Exercise description => Your job is to print, exactly, the lines in the data below from the line with "zeta 電位測量降至 0.1 mg/mL,實現最高的靈敏度" through the line with "三九 淡水郵便局長鈴木金之介", both included, and to omit any picture.

The data =>
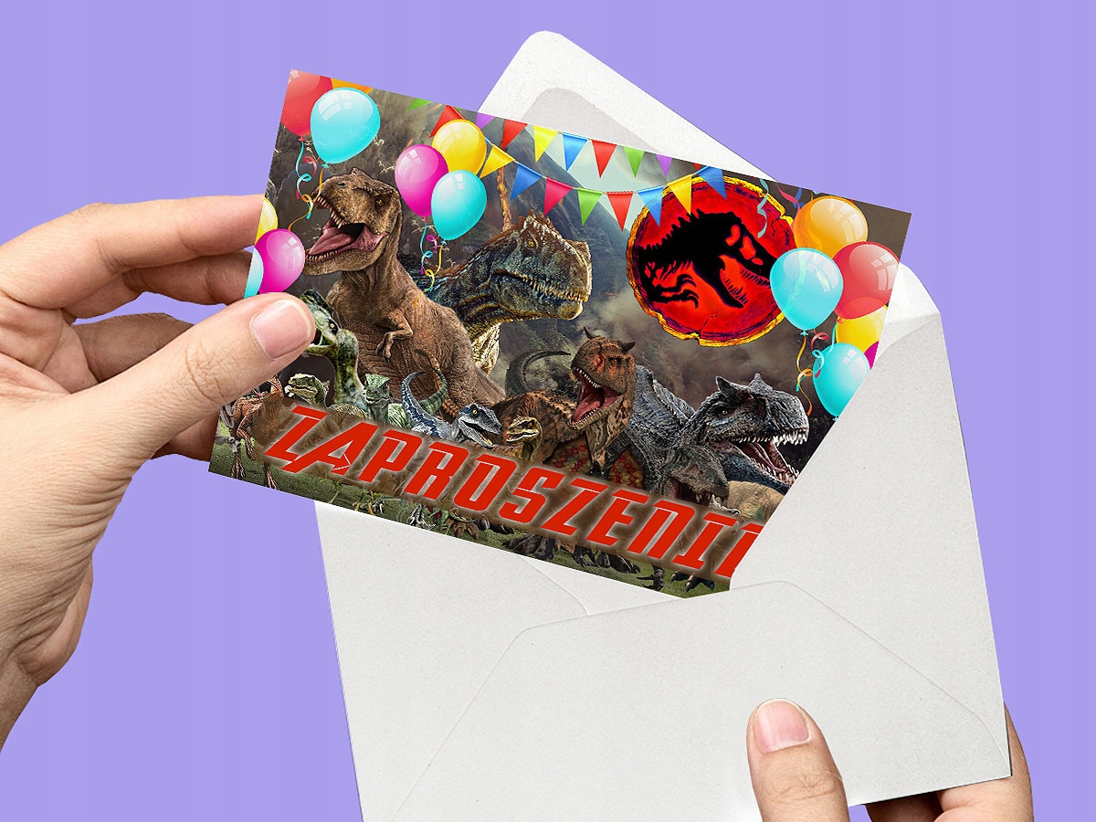 ЮРСКИЕ Т-РЕКСЫ РАПТОРЫ ДИНОЗАВРЫ ПРИГЛАШЕНИЕ НА ДЕНЬ РОЖДЕНИЯ РЕБЕНКА + КОНВЕРТ
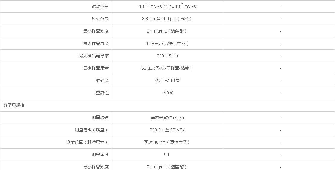 zeta 電位測量降至 0.1 mg/mL,實現最高的靈敏度
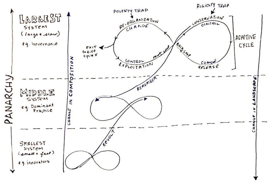 D’abord, la notion de cycle adaptatif (Gundeerson & Holling, 2002) montre le parcours de la création/innovation à sa transformation en quelque chose d’autre. La panarchie montre l’imbrication de tels cycles à différentes échelle. Les représenter permet de mieux comprendre les dynamiques de changement : émergence, mais aussi réaction de rejet, poids du souvenir…
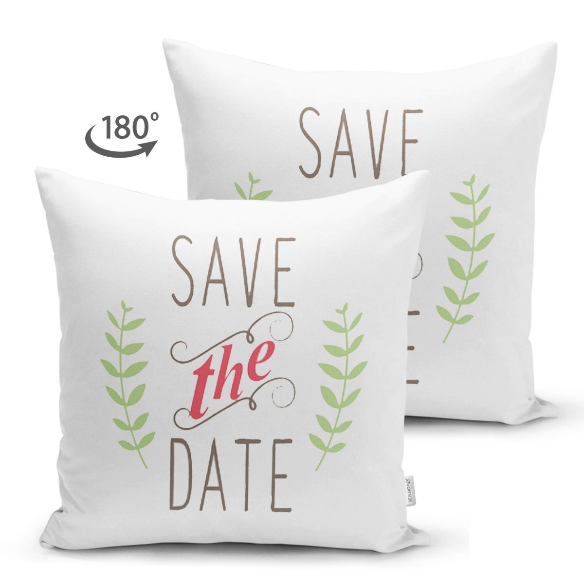 Çift Taraflı Save The Date Başaklı Dijital Baskılı Süet Kırlent Kılıfı
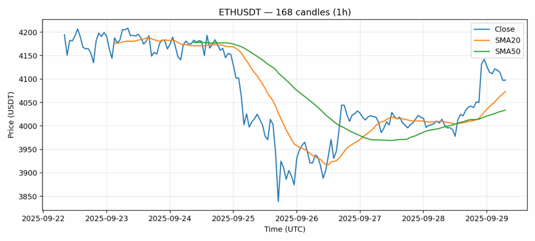Ethereum — 1h candles, 7D window (SMA20/SMA50, RSI).
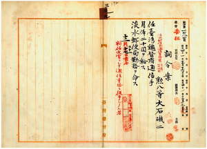 三九 淡水郵便局長鈴木金之介ノ内申ニ依リ淡水郵便局通信事務員大石磯二ヲ台湾総督府通信手ニ任シ淡水郵便局勤務ヲ命ス
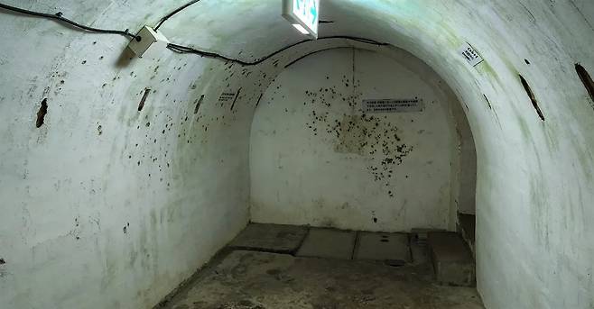 | ▲ 오키나와 구 해군사령부호의 수류탄 폭발 흔적 해군의 고급장교들은 이 방에서 수류탄으로 집단자결했다. |
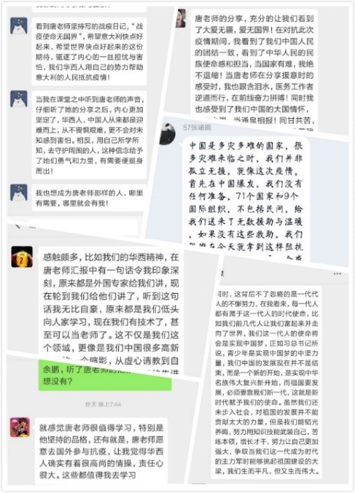 儿科护理学教研室副主任、重症医学科小儿ICU护士长唐梦琳教授刚从意大利回来,尽管在隔离休养中,克服旅途辛劳及倒时差等不适,制作了精美的PPT给18级同学讲述了援意期间的感悟。她从3月11日开始出发到意大利,3月26日回国,一共在意大利工作15天。专家团主要的工作是积极与意方分享我国抗击新冠肺炎的经验,到一线进行实地指导,对公众进行宣传。唐老师说当她们到达罗马时,听到意大利街头响起了中华人民共和国国歌,这让她热泪盈眶。她说12年前5.12汶川发生大地震时,意大利医疗专家来到汶川,在我们最危难的时候,对我们进行援助。这一次他们有难,作为一名护理人,一名四川人,我们不忘恩情,用行动诠释“投桃报李”。3月16日,专家团在意大利米兰圣卢卡医院学术报告厅,进行“COVID-19医院感染预防与控制”讲座。唐老师说以前都是我们在台下听外国专家讲课,这一次我们站在台上给外国专家们讲课,心里觉得特别自豪。3月22日,唐老师在意大利罗马中国驻意大利大使馆分享了关于COVID-19居家隔离的重点与要求,这一次有13万旅意华人在线观看了她们的视频……听了唐老师的讲解,我们深深地为中意两国人民的友情而打动,也为生在这样一个负责任有担当的国家而感到骄傲。同时,唐老师也让我们看到我们护理人同样可以站在世界舞台,这更加坚定了我们对专业的信心。

Exercise result =>
 zeta 電位測量降至 0.1 mg/mL,實現最高的靈敏度
 D’abord, la notion de cycle adaptatif (Gundeerson & Holling, 2002) montre le parcours de la création/innovation à sa transformation en quelque chose d’autre. La panarchie montre l’imbrication de tels cycles à différentes échelle. Les représenter permet de mieux comprendre les dynamiques de changement : émergence, mais aussi réaction de rejet, poids du souvenir…
 Çift Taraflı Save The Date Başaklı Dijital Baskılı Süet Kırlent Kılıfı
Ethereum — 1h candles, 7D window (SMA20/SMA50, RSI).
 三九 淡水郵便局長鈴木金之介ノ内申ニ依リ淡水郵便局通信事務員大石磯二ヲ台湾総督府通信手ニ任シ淡水郵便局勤務ヲ命ス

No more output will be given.